It is over five years since the peak of the financial crisis and more than three years after the passage of the Dodd-Frank Act. A core policy goal of post-crisis regulatory reform, both in the U.S. and internationally, is to prevent the recurrence of financial crisis, or at least to minimize its impact on the broader economy and to control the moral hazard arising from the socialization of losses and the privatization of gain in a complex global financial system. This seminar will focus on several key areas of systemic risk where the regulators, both in the U.S. and via the G-20, have made concrete progress proposing or implementing regulations designed to lower systemic risk in the global financial system.
In particular we will address three topics:
1. The effort to avoid financial institutions that are too big to fail through creation of an orderly liquidation regime, bail in of debt and living wills.

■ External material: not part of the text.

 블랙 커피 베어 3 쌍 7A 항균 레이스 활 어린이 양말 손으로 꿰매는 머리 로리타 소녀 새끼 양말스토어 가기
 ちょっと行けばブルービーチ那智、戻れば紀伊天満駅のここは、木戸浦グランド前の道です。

2. Activities restrictions such as those proposed by the Volcker Rule, Vickers, Liikanen and Neo-Glass-Steagall proposals.

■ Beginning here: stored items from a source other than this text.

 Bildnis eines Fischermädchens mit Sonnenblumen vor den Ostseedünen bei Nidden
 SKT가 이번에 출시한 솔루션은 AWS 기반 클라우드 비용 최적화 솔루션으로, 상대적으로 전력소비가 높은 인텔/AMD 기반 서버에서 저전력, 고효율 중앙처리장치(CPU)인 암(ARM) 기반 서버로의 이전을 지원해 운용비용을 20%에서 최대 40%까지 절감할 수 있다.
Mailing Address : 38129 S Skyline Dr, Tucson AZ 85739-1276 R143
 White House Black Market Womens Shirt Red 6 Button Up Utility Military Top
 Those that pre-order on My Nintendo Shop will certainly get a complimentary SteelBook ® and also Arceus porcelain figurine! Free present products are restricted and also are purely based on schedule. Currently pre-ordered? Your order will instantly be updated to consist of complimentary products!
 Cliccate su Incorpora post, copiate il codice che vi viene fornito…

3. Enhanced supervisory oversight of systemically important financial institutions via capital and otherwise.
For each topic we will consider the applicable statutory provisions and the relevant political economy concerns that affected their shaping; the recently promulgated or proposed regulations; and how various stakeholders would be affected by these rules and thus the positions they would advance in the regulatory process.
Students will be evaluated on the basis of team projects during the semester and a reflection paper.
Prerequisite: Regulation of Financial Institutions, Architecture of Financial Regulation, Issues in Global Regulatory Reform, Financial Institutions and Financial Crises or with permission of instructor.